1.Handling Missing Values: We will demonstrate how to handle missing values in energy consumption data by removing rows/columns, imputing values using mean/median, applying forward/backward filling, and flagging missing data.

2.Data Preprocessing: We will normalize/standardize the data, encode categorical variables, and implement feature engineering for further analysis.

### Step 1: Import Pandas and Create a Dataset with Missing Values

We’ll first import the necessary libraries and create a dataset that includes some missing values (NaN).

In [None]:
import pandas as pd
import numpy as np

# Sample data with missing values
data = {
    "Energy Source": ["Solar", "Wind", "Hydropower", "Geothermal", "Biomass", "Nuclear"],
    "Energy Consumption (MWh)": [1200, np.nan, 2900, np.nan, 2500, 3200],
    "Cost (Million $)": [200, 400, np.nan, 150, 250, np.nan]
}

# Create a DataFrame
energy_df = pd.DataFrame(data)

print("Original Energy Data with Missing Values:")

energy_df


Original Energy Data with Missing Values:


Unnamed: 0,Energy Source,Energy Consumption (MWh),Cost (Million $)
0,Solar,1200.0,200.0
1,Wind,,400.0
2,Hydropower,2900.0,
3,Geothermal,,150.0
4,Biomass,2500.0,250.0
5,Nuclear,3200.0,


We created a Pandas DataFrame energy_df representing energy sources and their consumption and costs.

The dataset includes some NaN (missing) values, which we will handle in the next steps.

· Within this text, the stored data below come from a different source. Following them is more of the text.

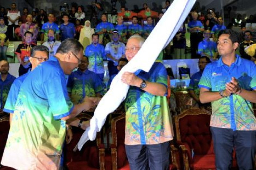Najib menyerahkan bendera kepada Ketua Pengarah Majlis Sukan Negara, Datuk Seri Zolkples Embong (kiri) pada majlis penutup SUKMA XVll Perlis 2014 di Stadium Syed Putra, Kangar, malam Rabu. Turut hadir Menteri Belia dan Sukan, Khairy Jamaluddin (kanan). - fotoBERNAMA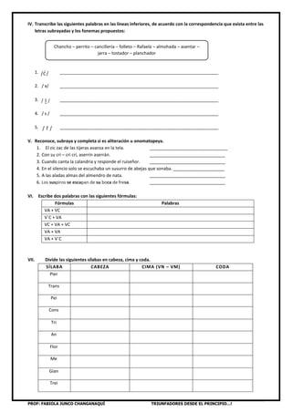 Este documento presenta un examen de comunicación y lenguaje que incluye varias secciones sobre los elementos de la comunicación, comunicación verbal y no verbal, transcripción fonética, reconocimiento de figuras literarias como aliteración y onomatopeya, formación de palabras, morfología y sintaxis. El examen contiene ejercicios para identificar partes de la comunicación, transcribir palabras en fonemas, reconocer morfemas flexivos y formas gramaticales.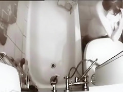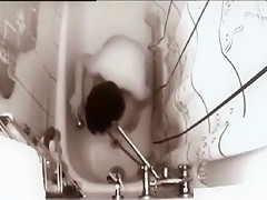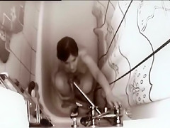 After giving her body a quick washing the dilettante lies on her back in the tub, widens her legs, and lets the water hit her curly snatch and bring her to a glamorous big O.
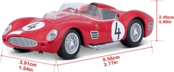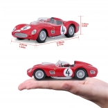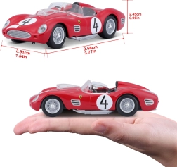 A modell minőségi die-cast fémből készült, műanyag kiegészítőkkel a finom részletekhez. A hű karosszérianak, a kidolgozott belső térnek és a kerekek sima futásának köszönhetően remekül mutat és jól gurul sík felületen. A csomag eredeti Ferrari Racing dobozt is tartalmaz a biztonságos tároláshoz és kiállításhoz.

### 1. Handling Missing Values


#### 1.1. Remove Rows with Missing Values

We can remove rows that contain any missing values using dropna().

In [None]:
# Remove rows with any missing values
cleaned_df = energy_df.dropna()

print("\nData After Removing Rows with Missing Values:")

cleaned_df



Data After Removing Rows with Missing Values:


Unnamed: 0,Energy Source,Energy Consumption (MWh),Cost (Million $)
0,Solar,1200.0,200.0
4,Biomass,2500.0,250.0


The above code snippet removes rows where any column has missing data. This method is straightforward but may result in losing a significant amount of data.

#### 1.2. Impute Missing Values with the Mean

Instead of removing rows, we can impute missing values by filling them with the mean value of the column.

In [None]:
# Impute missing values in 'Energy Consumption (MWh)' with the mean
energy_df["Energy Consumption (MWh)"].fillna(energy_df["Energy Consumption (MWh)"].mean(), inplace=True)

# Impute missing values in 'Cost (Million $)' with the mean
energy_df["Cost (Million $)"].fillna(energy_df["Cost (Million $)"].mean(), inplace=True)

print("\nData After Imputing Missing Values with Mean:")

energy_df


Data After Imputing Missing Values with Mean:


The behavior will change in pandas 3.0. This inplace method will never work because the intermediate object on which we are setting values always behaves as a copy.

For example, when doing 'df[col].method(value, inplace=True)', try using 'df.method({col: value}, inplace=True)' or df[col] = df[col].method(value) instead, to perform the operation inplace on the original object.


  energy_df["Energy Consumption (MWh)"].fillna(energy_df["Energy Consumption (MWh)"].mean(), inplace=True)
The behavior will change in pandas 3.0. This inplace method will never work because the intermediate object on which we are setting values always behaves as a copy.

For example, when doing 'df[col].method(value, inplace=True)', try using 'df.method({col: value}, inplace=True)' or df[col] = df[col].method(value) instead, to perform the operation inplace on the original object.


  energy_df["Cost (Million $)"].fillna(energy_df["Cost (Million $)"].mean(), inplace=True)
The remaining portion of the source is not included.